> **Dataset**
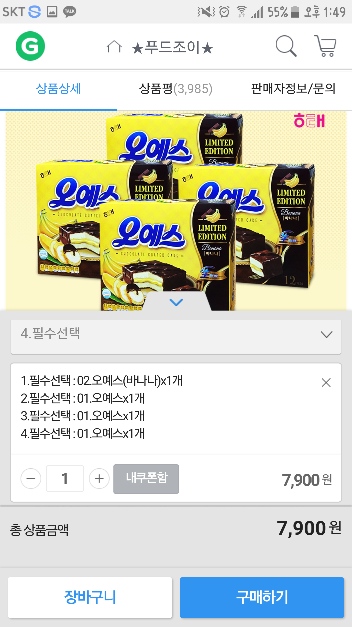 더군다나 오예스 바나나도 추가금액이 없이 선택가능
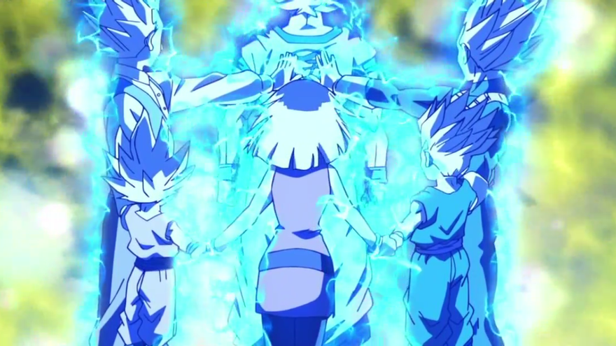 Vegeta, Gohan, Trunks y Goten, los únicos saiyans conocidos, cogen sus manos y transmiten su poder a Goku, el cual servirá como recipiente para convertirse en el Super Saiyajin Dios.
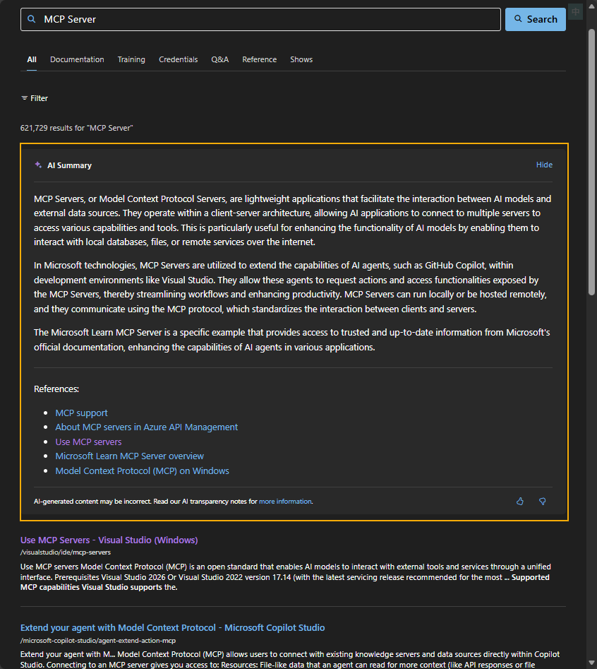 最近發現 MS Learn 也加入了 AI 功能,搜尋資料時會跟 Google 一樣多出 AI Summary:
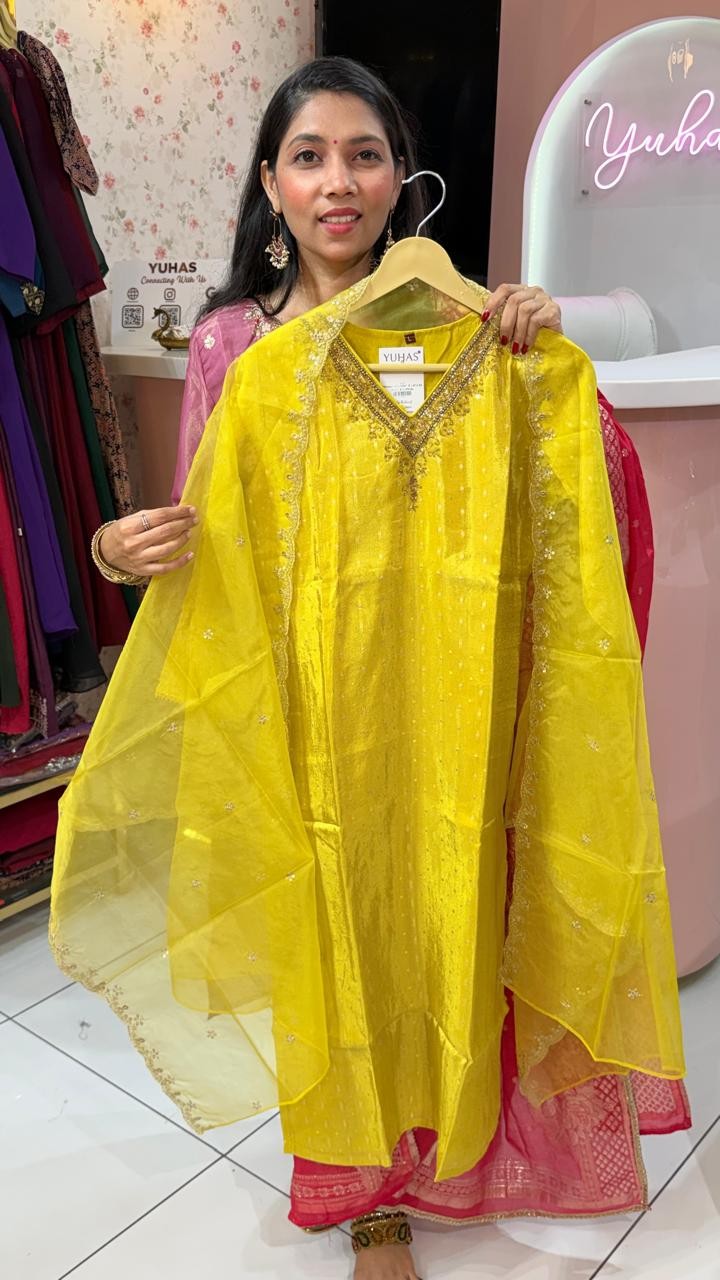 Premium Golden Glassy Salwar
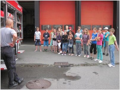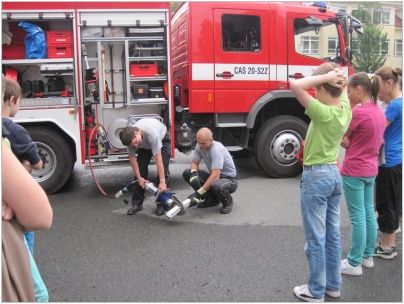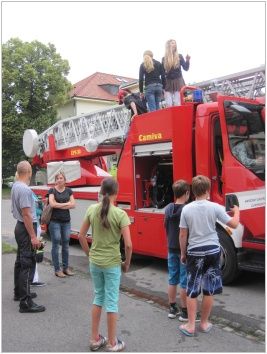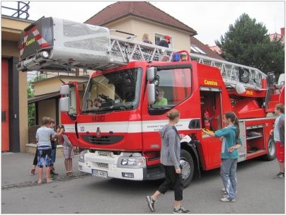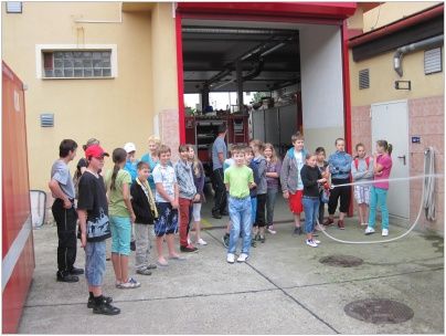 Prohlídkou nás prováděli hasiči Martin a Rosťa. Nejdříve jsme si prohlíželi hasičské nářadí a pak určovali jejich názvy. Dokonce jsme vylezli na střechu hasičského auta, ze kterého šla krásně vidět další technika – auto s 30 m dlouhým vysunovacím žebříkem. Všichni si postupně prohlédli interiér obou vozidel. Poté následovala projížďka kolem místního gymnázia. Po zaparkování vozidel jsme se odebrali na dvůr, kde jsme si mohli vyzkoušet vodní střelbu na cíl pomocí proudnice. Exkurzi jsme zakončili dotazy na jejich práci. Plní zážitků a adrenalinu jsme se odebrali zpět do školy. Prohlídka byla velice zajímavá a zábavná, všichni jsme si ji náramně užili.
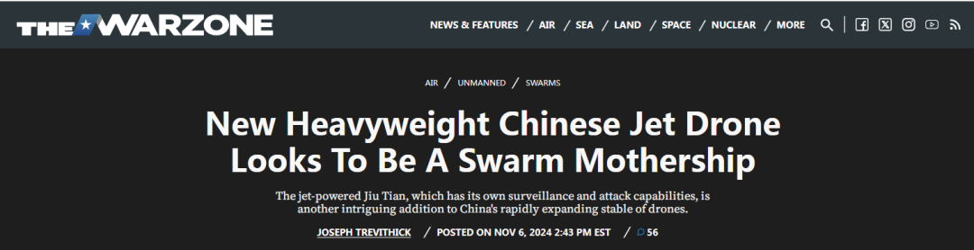 因此中國的“九天”大型無人機在此方面的優勢就非常明顯了——它採用噴氣動力,遠比採用螺旋槳動力的常規無人機飛得快;起飛重量大、有效載荷能力強,意味着可以攜帶體積相對較大、數量更多的蜂羣無人機,完成任務的能力更強;採用無人機為“航空母機”的投送平台,不但免去了遠距離飛行的疲憊,而且即便在執行高風險任務時被擊落,也沒有人員傷亡的擔憂。
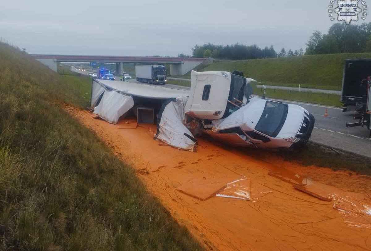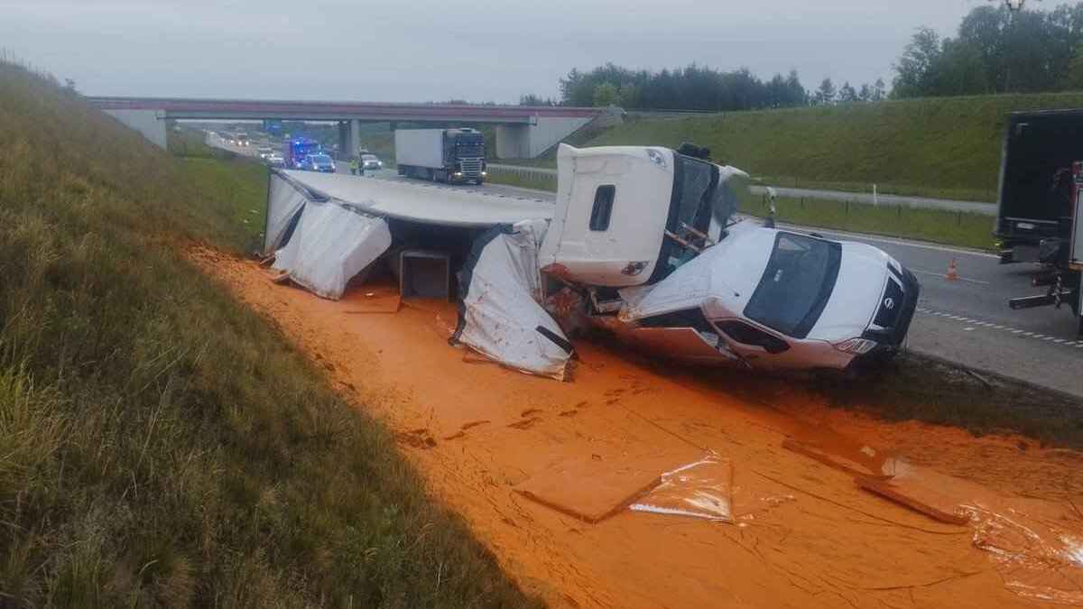 Wypadek na A1. Autostrada w soku pomidorowym

> **What the exercise asks**
Could you return all the entries exactly as they appear, minus the pictures?

> **Reply**
 더군다나 오예스 바나나도 추가금액이 없이 선택가능
 Vegeta, Gohan, Trunks y Goten, los únicos saiyans conocidos, cogen sus manos y transmiten su poder a Goku, el cual servirá como recipiente para convertirse en el Super Saiyajin Dios.
 最近發現 MS Learn 也加入了 AI 功能,搜尋資料時會跟 Google 一樣多出 AI Summary:
 Premium Golden Glassy Salwar
 Prohlídkou nás prováděli hasiči Martin a Rosťa. Nejdříve jsme si prohlíželi hasičské nářadí a pak určovali jejich názvy. Dokonce jsme vylezli na střechu hasičského auta, ze kterého šla krásně vidět další technika – auto s 30 m dlouhým vysunovacím žebříkem. Všichni si postupně prohlédli interiér obou vozidel. Poté následovala projížďka kolem místního gymnázia. Po zaparkování vozidel jsme se odebrali na dvůr, kde jsme si mohli vyzkoušet vodní střelbu na cíl pomocí proudnice. Exkurzi jsme zakončili dotazy na jejich práci. Plní zážitků a adrenalinu jsme se odebrali zpět do školy. Prohlídka byla velice zajímavá a zábavná, všichni jsme si ji náramně užili.
 因此中國的“九天”大型無人機在此方面的優勢就非常明顯了——它採用噴氣動力,遠比採用螺旋槳動力的常規無人機飛得快;起飛重量大、有效載荷能力強,意味着可以攜帶體積相對較大、數量更多的蜂羣無人機,完成任務的能力更強;採用無人機為“航空母機”的投送平台,不但免去了遠距離飛行的疲憊,而且即便在執行高風險任務時被擊落,也沒有人員傷亡的擔憂。
 Wypadek na A1. Autostrada w soku pomidorowym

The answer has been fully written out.